Madison had officially given up on having a day off. Then again, if she hadn’t been at the precinct, she likely would have been home thinking about the case or experiencing the charms of a prison visit. Even if she had wanted to take out her kayak, the rain would have made it, while not impossible, thoroughly unpleasant and ultimately a waste of time. Which was a pretty accurate description of her relationship with Kelly, Madison reflected as she sipped her coffee.

The Ronald Gray autopsy report was open in front of her; the photographs, stark and bleak, fanned out on the desk.

None of the detectives had said it, because they didn’t need to: the obvious reason Gray had the medal might be that he was one of the men who had taken the boys into the woods, one of the men who had dug a hole in the dirt and put David Quinn in it.

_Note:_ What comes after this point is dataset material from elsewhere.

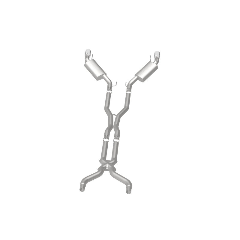The MagnaFlow 2010-2013 Chevrolet Camaro Competition Series Cat-Back Performance Exhaust System 16483 brings an aggressive, attention-grabbing edge to the deep resonant exhaust note we're so well known for. This exhaust kit is designed to enhance your 6.2L 2010-2013 Chevrolet Camaro with dyno-proven performance made possible thanks to fast-flowing mandrel bent 3in. main piping and 2 Straight-Through mufflers ending in a Dual Split Rear exit with 4in. Polished Welded-On Double Wall Angle Cut Folded Edge tips featuring a sporty finish. The exhaust system's cat-back layout replaces your ride's exhaust system from near the catalytic converter on back. Exhaust system 16483 is engineered to make your vehicle's engine produce Aggressive exterior and Moderate interior sound levels, befitting its competition-oriented design. 16483's direct-fit design makes installation a breeze thanks to the use of advanced 3D scanning techniques. This performance exhaust system is made of 100% durable and corrosion-resistant stainless steel and produced using CNC precision robotic manufacturing, all backed by MagnaFlow's limited lifetime warranty. Please check to ensure compliance with local noise regulations.
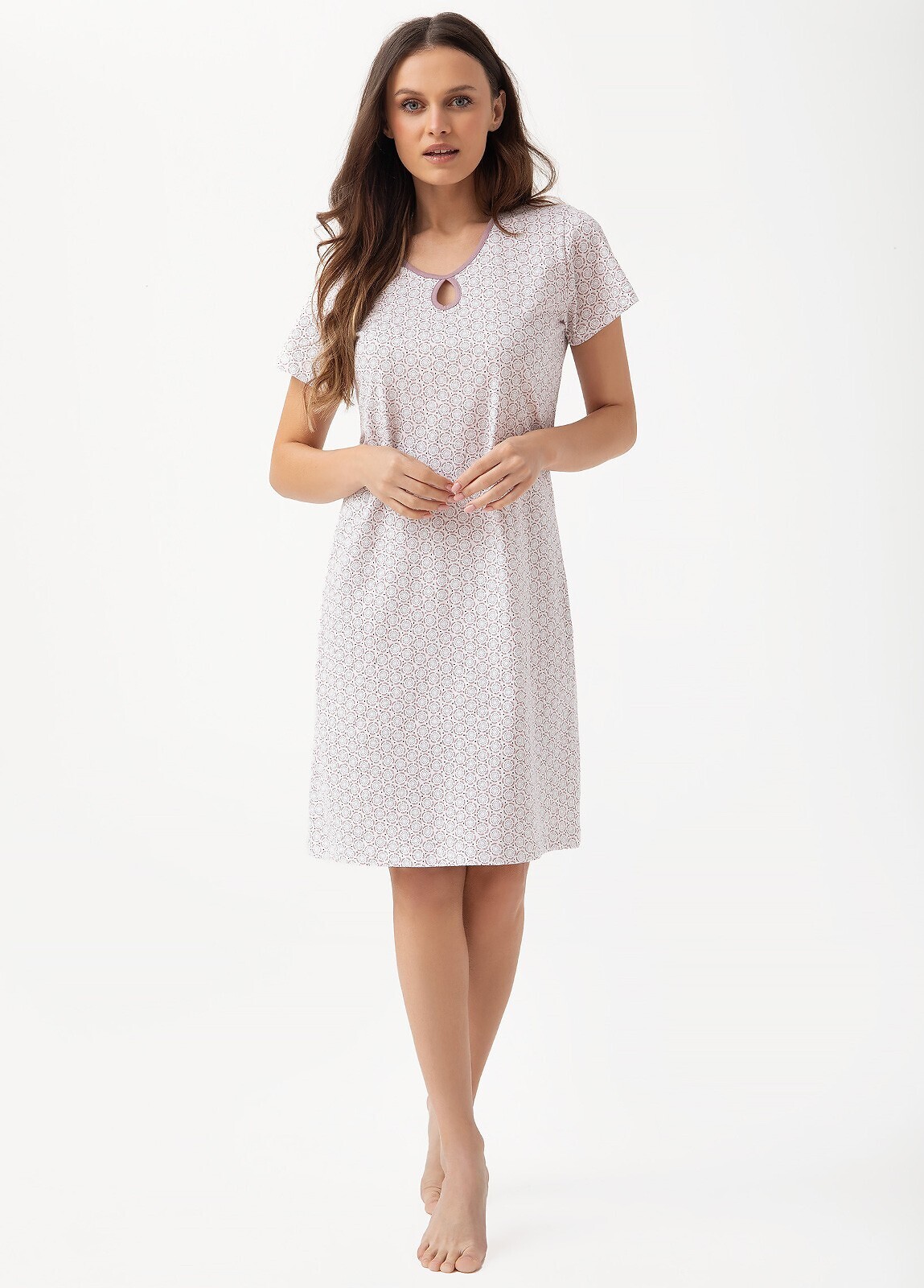 Koszula damska- wysokiej jakości wzorzysta bawełna- krótki rękaw- dekolt obszyty lamówką, ozdobiony efektownym wycięciem w kształcie łezki- długość do kolan przeczytaj całość

Madison looked at the autopsy pictures. Was this the fate that Ronald Gray believed had been stalking him and Vincent Foley?

The case required a change of perspective, and Madison had felt that in Fynn and the others. For them Gray had started out as a victim; now he was possibly a kidnapper and a murderer, and yet he was still a victim. Madison replaced the pictures in the report and shut the file.


As lunchtime came around, Madison’s thoughts were batting against the precinct’s walls, and she needed to get out and stretch her legs. The sky was overcast, the rain had decided to give up for at least a few minutes, and she resolved to walk down 5th Avenue toward Pine Street. She passed the public library on the corner with Spring and resisted the sudden impulse to go inside and spend the afternoon reading instead of going back to the precinct and looking at pictures of dead men who might or might not have been murderers.

She had always enjoyed ambling down 5th Avenue: the trees were doing their best in the winter chill, and it was so much more pleasant than going from point A to B in her Honda, even for half an hour. Other people hurried past Madison in the bubble of their own lunch break.

She reached Nordstrom on Pine and turned left. The food court on the third floor of the Westlake Center was as busy as always, and that was exactly what Madison needed: watching people leading their lives, shopping, eating, and generally getting on with things. The smell of food being cooked or, more often, simply reheated was as sharp as it could be in a world of central heat, air-conditioning, and ventilation. The warm air was heavy with jostling spices.

She silently apologized to her grandmother and got into a queue for a burger and fries to go with it; she found a spot at a large table and picked at her food. It was predictably awful, and yet sometimes that particular kind of awful could be perfect. Half the burger patty disintegrated in her hands, and she wiped the mustard and ketchup off her fingers with a small paper napkin that wasn’t really up to its job.